Racer pours pale gold, with a thin foamy head which comes and goes throughout the beer. The aroma is slightly diminished after the long journey from California, but still offers a sweet shop scent, floral and sherberty with mango and strawberry jam hiding in the background. Taste wise it delivers all the things I want from a 7% IPA - sweet with ripe orange and tangerine, a bit of mango, and chewy, indulgent caramel up front. It moves to pithy, lemon, lime and grapefruit, and then into piney, resinous depth. A herbal, flinty character bridges the gap from this into creeping, intense bitterness which envelops the palate and grips all the way to the teeth, leaving you no choice but to delve back for the sweet fruit you were wallowing in seconds ago but which seems a distant memory now. It is utterly drinkable and retains a fresh, clean and lively quality throughout which belies its high strength and dictates that one is not enough.

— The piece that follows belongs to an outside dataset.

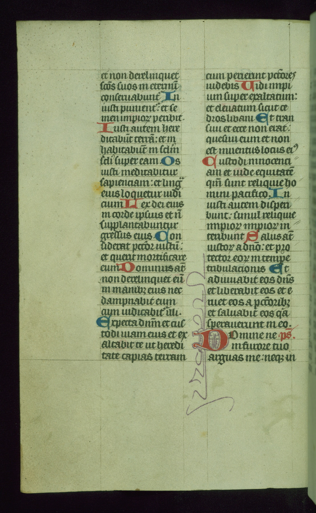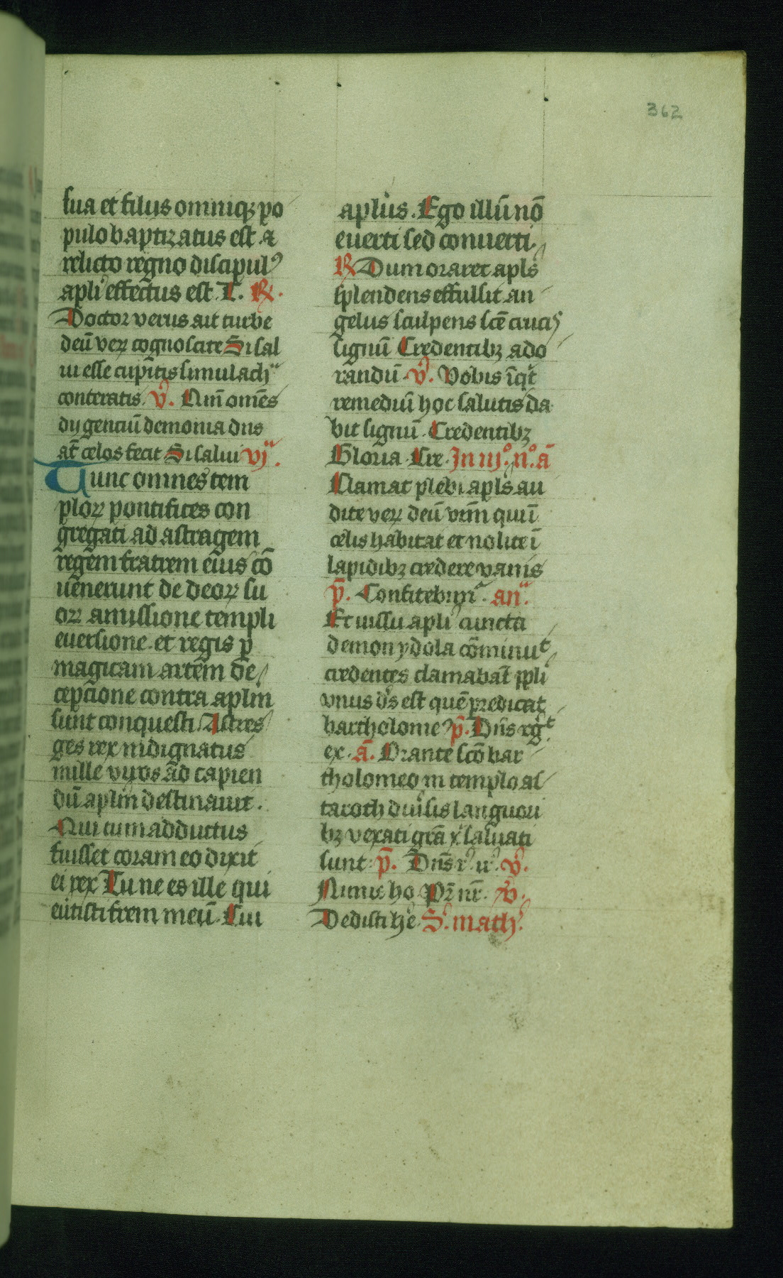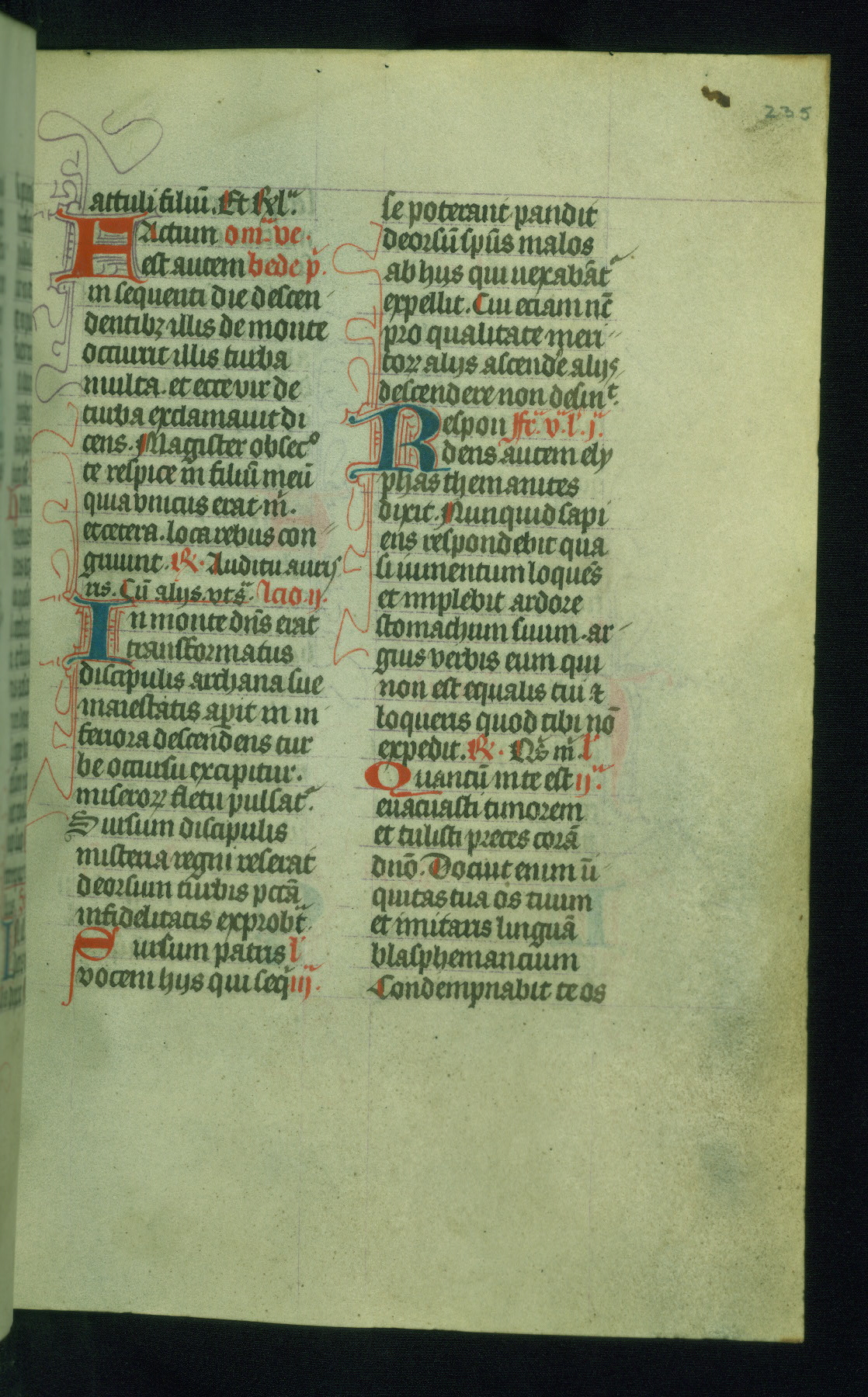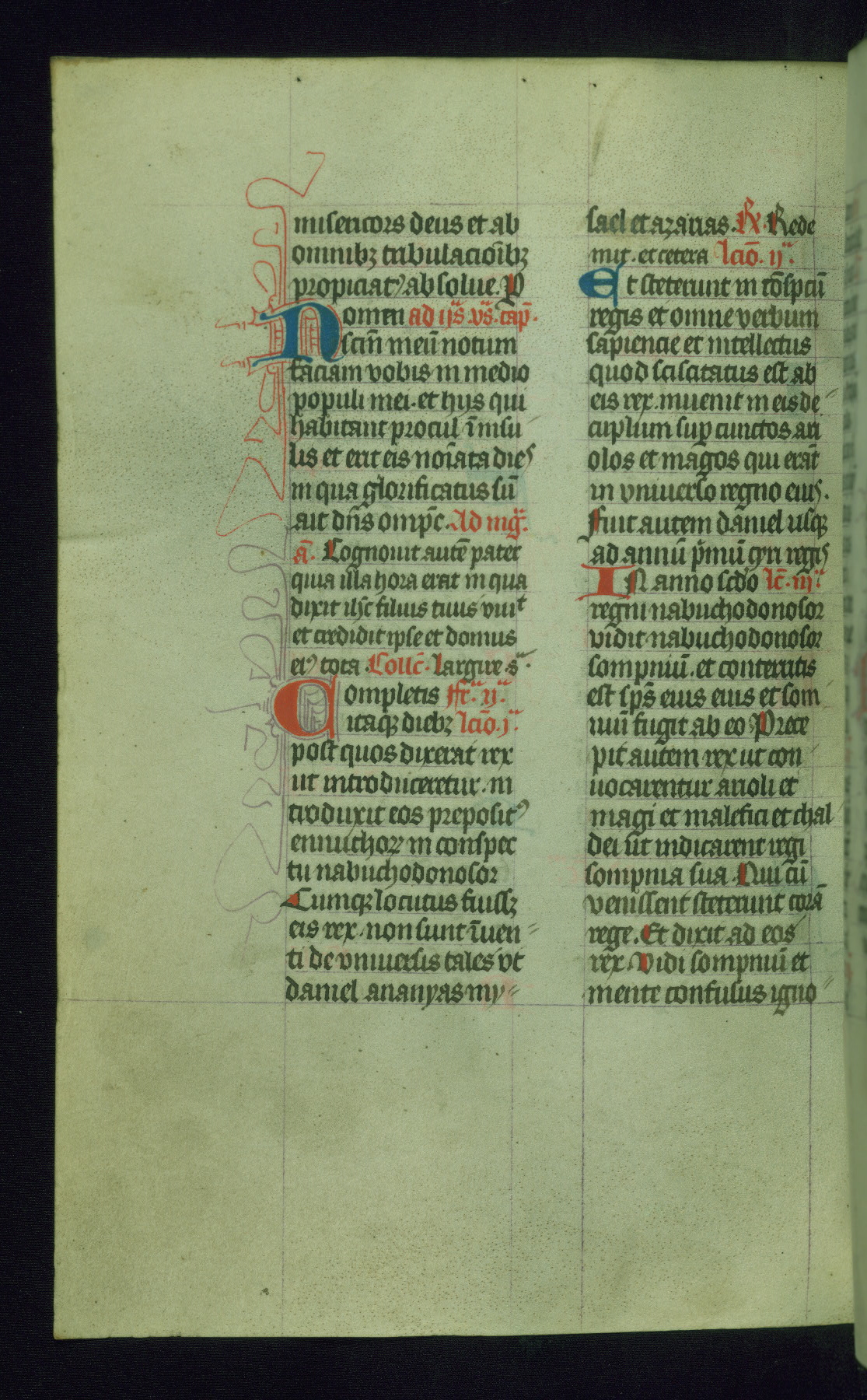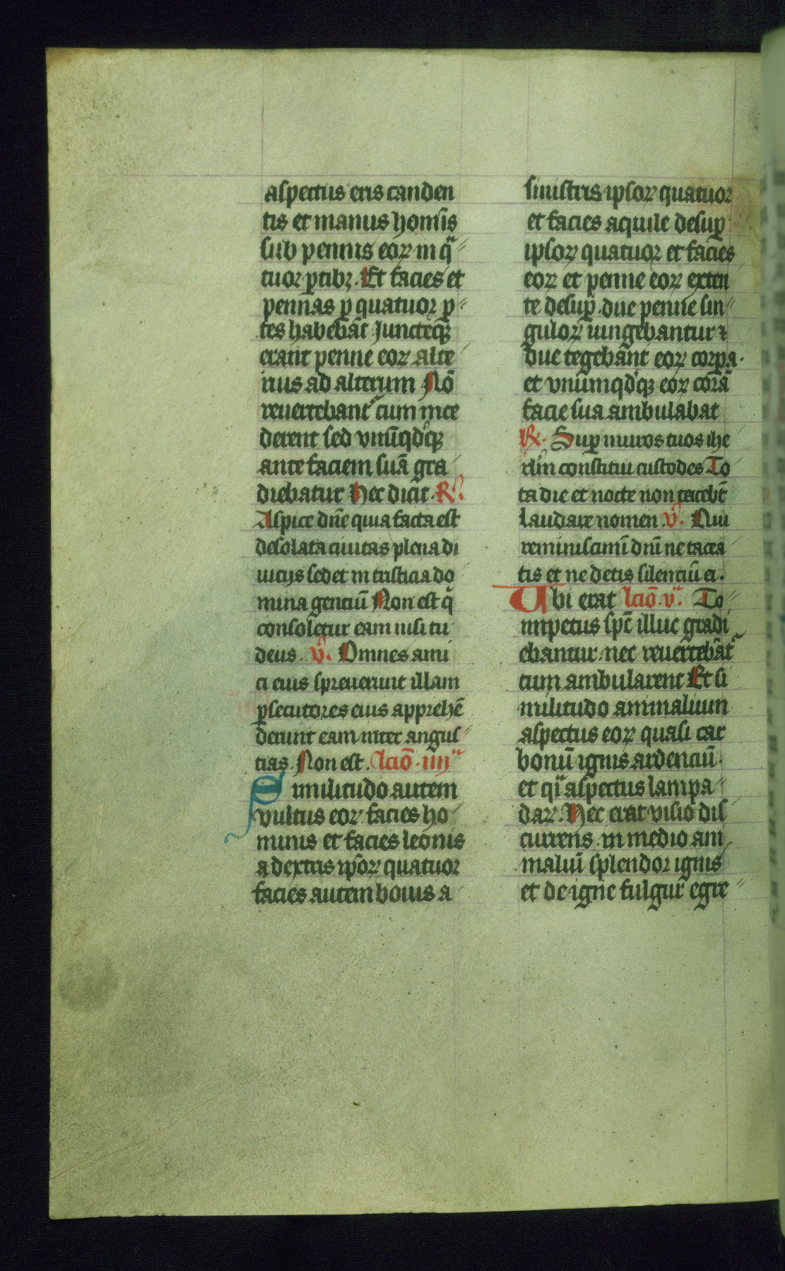 This small breviary, composed of more than 500 folios, is extraordinary for its length, considering it is the summer portion of a two-volume breviary for the use of Liège. The manuscript was completed for ecclesiastical use at the Cathedral of Notre-Dame and St.-Lambert in Liège ca. 1420. This attribution is suggested, for instance, by the petitions to the congregation of this cathedral (fols. 114v-117v), as well as the armorial shield of the family of Surlet de Chokier of Liège represented at the opening of the Psalms. The manuscript has modest, but interesting, decoration with historiated and decorated initials marking the liturgical texts, and occasional angels playing instruments in the margins. The most notable pictorial effect is found in the initials inhabited by transparent figures on rich blue ground. The technique is found, for instance, on fol. 156r with the gold monstrance held by translucent angels for the feast of the Corpus Christi.

Red Rocket Ale had me in less of a love struck daze but was still good. Reddy brown, almost purple in colour, it smells of citrus, red fruit, sugar and booze, like crepes Suzette and a cherry pie. It tastes big, boozy and sweet, with biscuits, caramel, and nutty the most prominent words in my notebook. Surprisingly, it was refreshing and easy to drink, the sugar balanced by an aggressively bitter finish.
Then Hop Rod Rye appeared, chocolate brown and a big lush head, an alluring perfume of sweet tea and sherry - a good finish to the night. Candy sugar, slightly tart raisins, lemony tea, a depth that reminded me of nutty Oloroso sherry, and a barrel load of hops. It rarely happens, but it was a bit too bitter for me.
10 quid’s worth of drinking and worth every penny – I’m going back tomorrow and I hope the girl behind the counter doesn’t recognise me.